The predicted number of seats won by Democrats was 231.4, impressively close to the actual 231 won. But that’s not the standard we are judging them by, and in this plot (and the ones to follow) I have normalised the predicted and observed totals to be the same. I’m looking at the cumulative fractions of a seat contributed by each district. If the predicted probabilities are accurate, we would expect the plot (in green) to lie very close to the line with slope 1 (dashed red). It certainly does look close, but the scale doesn’t make it easy to see the differences. So here is the plot of the prediction error, the difference between the red dashed line and the green curve, against the cumulative prediction:
There certainly seems to have been some overestimation of Democratic chances at the low end, leading to a maximum cumulative overprediction of about 6 (which comes at district 155, that is, the 155th most Republican district). It’s not obvious whether these differences are worse than you would expect. So in the next plot we make two comparisons. The red curve replaces the true outcomes with simulated outcomes, where we assume the 538 probabilities are exactly right. This is the best case scenario. (We only plot it out to 100 cumulative seats, because the action is all at the low end. The last 150 districts have essentially no randomness. The red curve and the green curve look very similar (except for the direction; the direction of the error is random). The most extreme error in the simulated election result is a bit more than 5.

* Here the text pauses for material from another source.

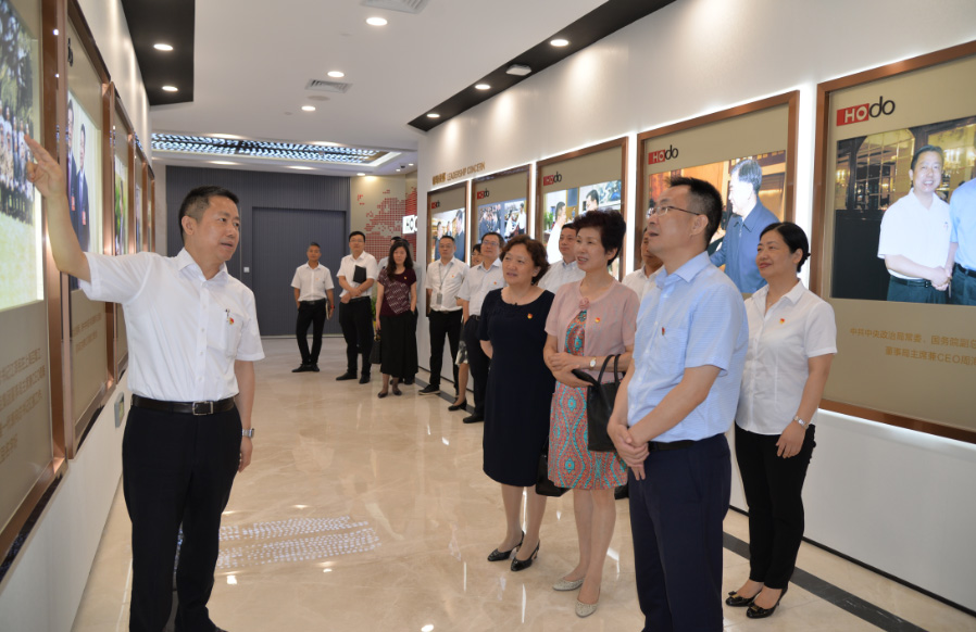 熊濤贊嘆紅豆展廳內容豐富、信息量很大,說道:紅豆三代領頭人積累下豐富的物質文化和精神財富,一直跟黨走,并且走出了自己的特色,將黨建和現代企業制度完美融合,履行社會責任,不忘“八方共贏”,有恒心,有情懷。熊濤還表示,江蘇銀保監局近年來一直十分關心和支持民企發展,最近還出臺了精準幫扶企業融資聯合會診機制,對有競爭力、有發展前景的企業都十分關注,尤其像紅豆集團這樣的企業。

What would the curve look like if Silver had cheated, by trying to make his predictions all look less certain, to give himself an out when they go wrong? We imagine an alternative psephologist, call him Nate Tarnished, who has access to the exact true probabilities for Democrats to win each district, but who hedges his bets by reporting a probability closer to 1/2. (As an example, we take the cumulative beta(1/2,1/2) distribution function. this leaves 0, 1/2, and 1 unchanged, but .001 would get pushed up to .02, .05 is pushed up to .14, and .2 becomes .3. Similarly, .999 becomes .98 and .8 drops to .7. Not huge changes, but enough to create more wiggle room after the fact.

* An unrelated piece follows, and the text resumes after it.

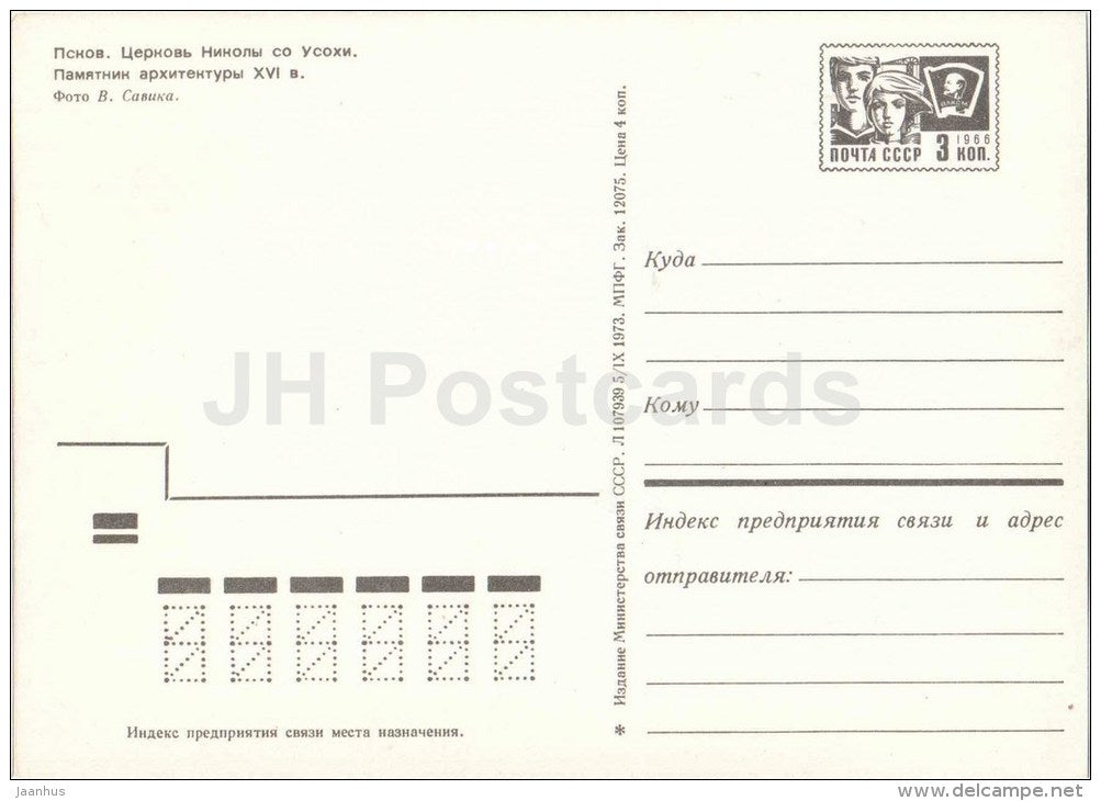 Church of St. Nicholas with Usoh - Pskov - postal stationery - 1973 - Russia USSR - unused

In this case, we would expect to accumulate much more excess cumulative predicted probability on the left side. And this is exactly what we illustrate with the blue curve, where the error repeatedly rises nearly to 10, before slowly declining to 0.
I’d say the performance of the 538 models in this election was impressive. A better test would be to look at the predicted vote shares in all 435 districts. This would require that I manually enter all of the results, since they don’t seem to be available to download. Perhaps I’ll do that some day.